Each neuron samples \(n_s\) bits from the \(n_{\textrm{ff}}\) feedforward inputs, and so there are \({n_{\textrm{ff}}}\choose{n_{s}}\) possible choices of input for a single neuron. A single proximal dendrite represents a projection \(\pi_j:\lbrace{0,1}\rbrace^{n_{\textrm{ff}}}\rightarrow\lbrace{0,1}\rbrace^{n_s}\), so a population of neurons corresponds to a set of subspaces of the sensory space. Each dendrite has an input vector \({\mathbf x}_j=\pi_j({\mathbf x}_{\textrm{ff}})\) which is the projection of the entire input into this neuron’s subspace.

A synapse is connected if its permanence \(p_i\) exceeds its threshold \(\theta_i\). If we subtract \({\mathbf p}-{\vec\theta}\), take the elementwise sign of the result, and map to \(\lbrace{0,1}\rbrace\), we derive the binary connection vector \({\mathbf c}_j\) for the dendrite. Thus:

$$c_i=(1 + sgn(p_i-\theta_i))/2$$

The dot product \(o_j({\mathbf x})={\mathbf c}_j\cdot{\mathbf x}_j\) now represents the feedforward overlap of the neuron with the input, ie the number of connected synapses which have an incoming activation potential. Later, we’ll see how this number is used in the neuron’s processing.

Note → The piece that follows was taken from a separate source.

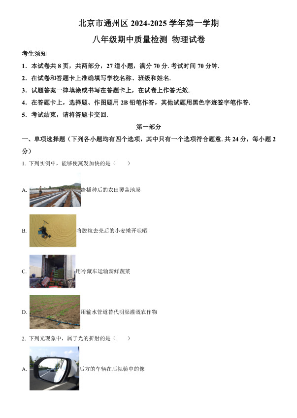 上一篇:北京市顺义区牛栏山第一中学实验学校2024-2025学年八年级上学期期中考试物理试题

The elementwise product \({\mathbf o}_j={\mathbf c}_j\odot{\mathbf x}_j\) is the vector in the neuron’s subspace which represents the input vector \({\mathbf x}_{\textrm{ff}}\) as “seen” by this neuron. This is known as the overlap vector. The length \(o_j = \lVert{\mathbf o}_j\rVert_{\ell_1}\) of this vector corresponds to the extent to which the neuron recognises the input, and the direction (in the neuron’s subspace) is that vector which has on-bits shared by both the connection vector and the input.

If we project this vector back into the input space, the result \(\mathbf{\hat{x}}_j =\pi^{-1}({\mathbf o}_j)\) is this neuron’s approximation of the part of the input vector which this neuron matches. If we add a set of such vectors, we will form an increasingly close approximation to the original input vector as we choose more and more neurons to collectively represent it.

Sparse Distributed Representations (SDRs)

We now show how a layer of neurons transforms an input vector into a sparse representation. From the above description, every neuron is producing an estimate \(\mathbf{\hat{x}}_j \) of the input \({\mathbf x}_{\textrm{ff}}\), with length \(o_j\ll n_{\textrm{ff}}\) reflecting how well the neuron represents or recognises the input. We form a sparse representation of the input by choosing a set \(Y_{\textrm{SDR}}\) of the top \(n_{\textrm{SDR}}=sN\) neurons, where \(N\) is the number of neurons in the layer, and \(s\) is the chosen sparsity we wish to impose (typically \(s=0.02=2\%\)).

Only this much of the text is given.